At December 23, 2005, there were approximately 4,400 holders of record of the
Company's Common stock, excluding entities whose stock is held by clearing
agencies. The Company has not paid a dividend during the last two fiscal years.


                                        4

ITEM 6.  MANAGEMENT'S  DISCUSSION  AND  ANALYSIS  OR  PLAN  OF  OPERATION

                               FINANCIAL CONDITION

During the quarter ending December 31, 2005 ("Q1FY06"), the Company sold its
non-operated working interests in three producing oil and gas wells for net
proceeds of $206,000. Also during Q1FY06 the Company agreed to sell
substantially all of its remaining non-operated working interests in producing
oil and gas wells for approximately $1.85 million in cash, net of selling
expenses; all of its operated working interests in producing oil and gas wells
for approximately $335,000 in cash, net of selling expenses; and all of its
overriding royalty interests in producing oil and gas wells in Wyoming for
approximately $180,000 in cash, net of selling expenses. These three
transactions are subject to recision and pricing adjustments under certain
conditions, and closing of the transactions cannot be assured. The Company
retains very small working and overriding royalty interests in the
Bluebell-Altamont Field in Utah, an overriding royalty interest in undrilled
locations in the Standard Draw and Echo Springs Fields in Wyoming, and an
interest in an application for leases in the Tar Sands Triangle Area of Utah
under the Combined Hydrocarbon Leasing Act of 1981. The Company intends to
reinvest the proceeds of the sales either in interests in oil and gas properties
or otherwise. There can be no assurance as to if and when any such reinvestment
would be made.

If the transactions referred to above close and recision rights are not
exercised, the Company is likely to experience negative cash flow from
operations unless and until the Company invests in interests in producing oil
and gas wells or in another venture that produces cash flow from operations. If
the transactions do not close, or if recision rights are exercised, the Company
is likely to experience positive cash flow from operations because of the high
levels of oil and gas prices. In that case, if prices declined materially and if
interest rates on cash balances also declined materially, then, unless the
Company materially increased production by acquiring producing properties or by
engaging in successful drilling activities or recompletions, the Company would
be likely to experience negative cash flows from operations. With the exception
of capital expenditures related to production acquisitions or drilling or
recompletion activities, none of which are currently planned, the cash flows
that could result from such acquisitions or activities, the current level of
prices and interest rates, declining production levels, and the transactions
referred to above, the Company knows of no trends, events, or uncertainties that
have or are reasonably likely to have a material impact on the Company's
short-term or long-term liquidity. Except for cash generated by the operation of
the Company's producing oil and gas properties, asset sales, and interest
income, the Company has no internal or external sources of liquidity other than
its working capital. At December 23, 2005, the Company had no material
commitments for capital expenditures.

The Company is completing the restoration of the area that had contained its
East Tisdale Field in Johnson County, Wyoming. The Company has removed all
equipment from the field and has recontoured and reseeded virtually all
disturbed areas in the field. Barring unforeseen events, the Company does not
believe that the expense associated with any remaining restoration activities
will be material, although this cannot be assured. After its bonds with the
state and the Bureau of Land Management are released, the Company does not
believe it will have any further liability in connection with the field,
although this cannot be assured. The Company regularly assesses its exposure to
both environmental liability and RR&D. The Company does not believe that it
currently has any material exposure to environmental liability or to RR&D, net
of salvage value, although this cannot be assured.

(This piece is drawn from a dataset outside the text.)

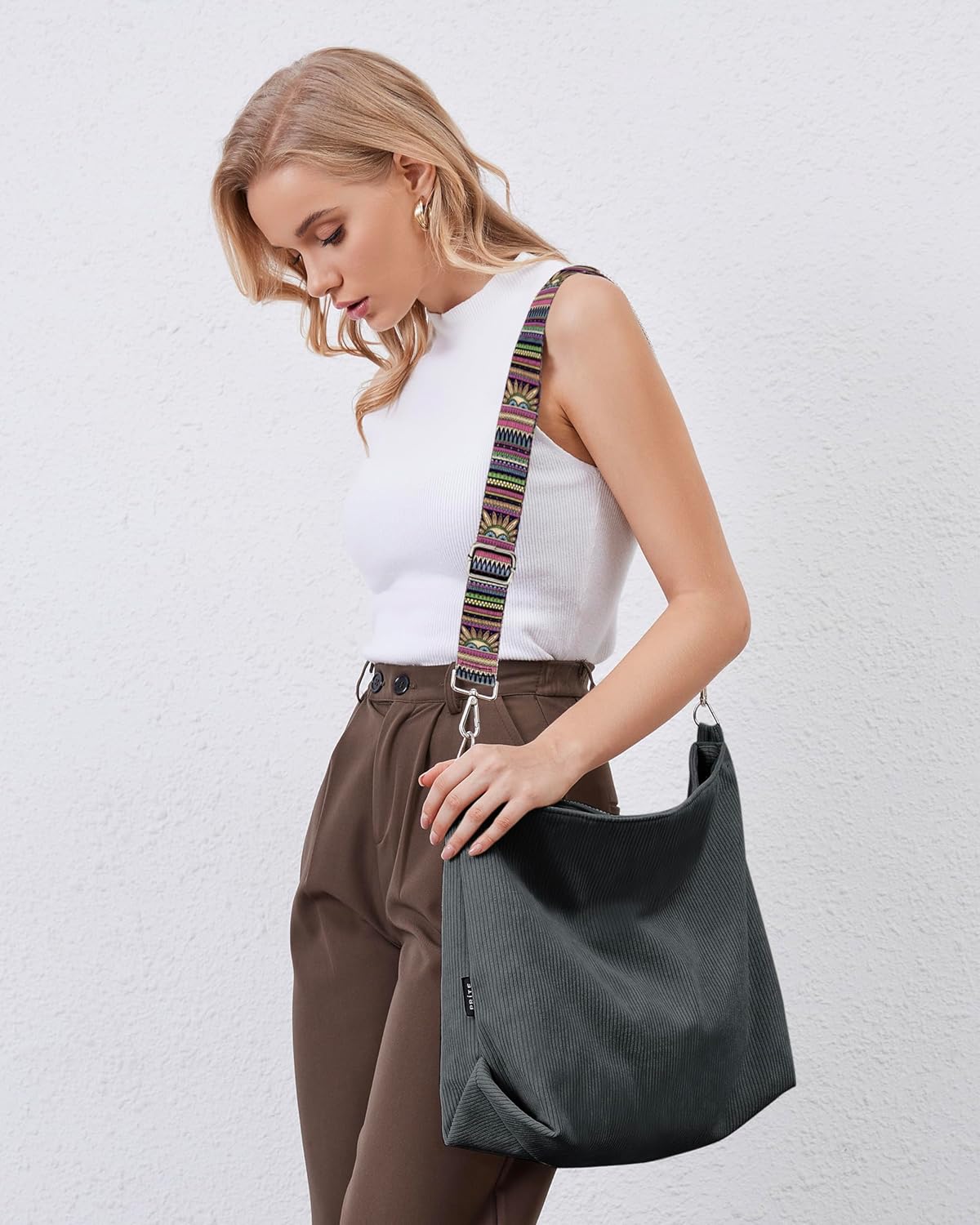 Prite’s commitment to quality is evident in every aspect of this tote bag. From the carefully selected corduroy fabric to the reinforced stitching at stress points, this bag is built to withstand the demands of daily use. The hardware, including the zipper and strap adjusters, is designed for reliability and longevity, ensuring your Prite tote remains a trusted companion for years to come.
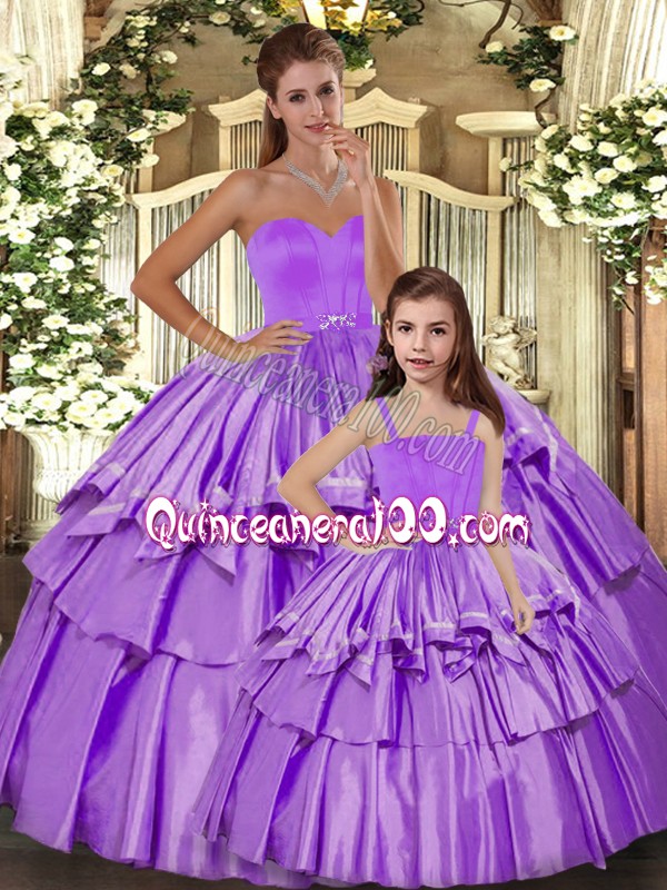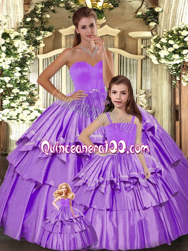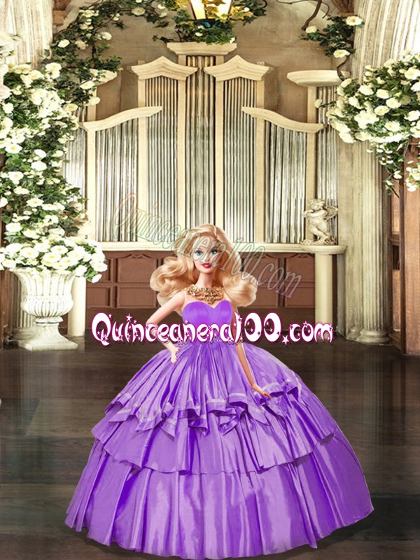 Neckline : SweetheartShown Color : LilacSilhouette : Ball GownsSleeve Length : sleevelessHemline : floor lengthBack Detail : Lace upFabric : TaffetaEmbellishment : Ruffled LayersOccasion : Sweet 16,QuinceaneraSeason : Spring,Summer,Fall,Winter

Cash balances increased $167,000 during FY05 because $183,000 cash provided by
operating activities was reduced by $5,000 cash for additions to other property
and equipment and $11,000 cash used to acquire 110,200 shares of treasury stock.

                              RESULTS OF OPERATIONS

Oil and gas sales increased 21% from $802,000 in FY04 to $972,000 in FY05
because oil sales increased 32% from $407,000 in FY04 to $539,000 in FY05, and
gas sales increased 10% from $395,000 in FY04 to $433,000 in FY05. Oil sales
increased because of a 32% increase in average price per barrel from $37.00 in
FY04 to $49.00 in FY05. Gas sales increased because a 7% decrease in thousands
of cubic feet ("MCFs") sold from 89,000 in FY04 to 83,000 in FY05 was offset by
an 18% increase in average price per MCF from $4.44 in FY04 to $5.22 in FY05.
Production taxes increased 15% from $103,000 in FY04 to $118,000 in FY05 because
of increased sales. General and administrative expense increased 9% from
$417,000 in FY04 to $453,000 in FY05 because of increased salary and bonus
expense. Net earnings increased from $38,000 in FY04 to $156,000 in FY05 because
of increased sales.


                                        5

                                    LIQUIDITY

OPERATING ACTIVITIES. In FY04 net cash provided by operating activities was
$36,000, and in FY05 net cash provided by operating activities was $183,000.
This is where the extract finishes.